Assignment: Beneath this task are records; print exactly the stretch of them from the line with "Tajine Poulet, citrons confits & abricots" through the line with "Figura 2 – Estacionamento.", both ends included.
╭─ Records to process
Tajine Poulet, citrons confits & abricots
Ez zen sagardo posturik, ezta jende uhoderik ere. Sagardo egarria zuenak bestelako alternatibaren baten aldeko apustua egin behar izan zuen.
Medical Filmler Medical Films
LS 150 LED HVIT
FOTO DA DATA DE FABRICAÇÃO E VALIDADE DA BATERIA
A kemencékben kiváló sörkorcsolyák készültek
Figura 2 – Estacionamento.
╰─
╭─ Records to process
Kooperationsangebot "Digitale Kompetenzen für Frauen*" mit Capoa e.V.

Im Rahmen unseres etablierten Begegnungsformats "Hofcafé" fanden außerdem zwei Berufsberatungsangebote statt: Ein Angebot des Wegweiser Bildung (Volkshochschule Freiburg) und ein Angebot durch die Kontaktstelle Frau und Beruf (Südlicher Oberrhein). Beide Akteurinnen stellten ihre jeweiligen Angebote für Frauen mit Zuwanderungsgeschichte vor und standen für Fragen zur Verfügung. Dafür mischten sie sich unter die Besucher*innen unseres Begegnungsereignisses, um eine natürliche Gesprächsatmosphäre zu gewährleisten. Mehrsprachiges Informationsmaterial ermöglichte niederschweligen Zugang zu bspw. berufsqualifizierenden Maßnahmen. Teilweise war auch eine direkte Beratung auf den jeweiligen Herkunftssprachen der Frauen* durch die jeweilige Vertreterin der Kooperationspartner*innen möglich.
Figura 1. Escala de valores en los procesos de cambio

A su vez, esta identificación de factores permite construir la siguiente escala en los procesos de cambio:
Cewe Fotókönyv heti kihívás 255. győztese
╰─
╭─ Records to process
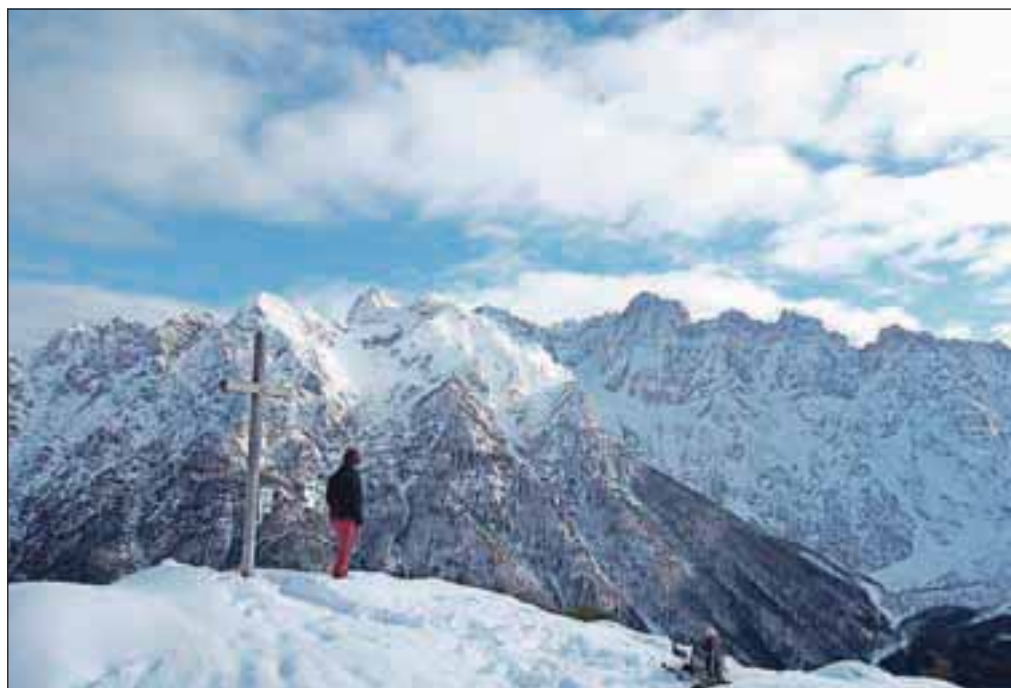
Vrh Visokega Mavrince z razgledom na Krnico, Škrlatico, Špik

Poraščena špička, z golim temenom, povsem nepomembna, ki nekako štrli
╰─
Exercise output:
Tajine Poulet, citrons confits & abricots
Ez zen sagardo posturik, ezta jende uhoderik ere. Sagardo egarria zuenak bestelako alternatibaren baten aldeko apustua egin behar izan zuen.
Medical Filmler Medical Films
LS 150 LED HVIT
FOTO DA DATA DE FABRICAÇÃO E VALIDADE DA BATERIA
A kemencékben kiváló sörkorcsolyák készültek
Figura 2 – Estacionamento.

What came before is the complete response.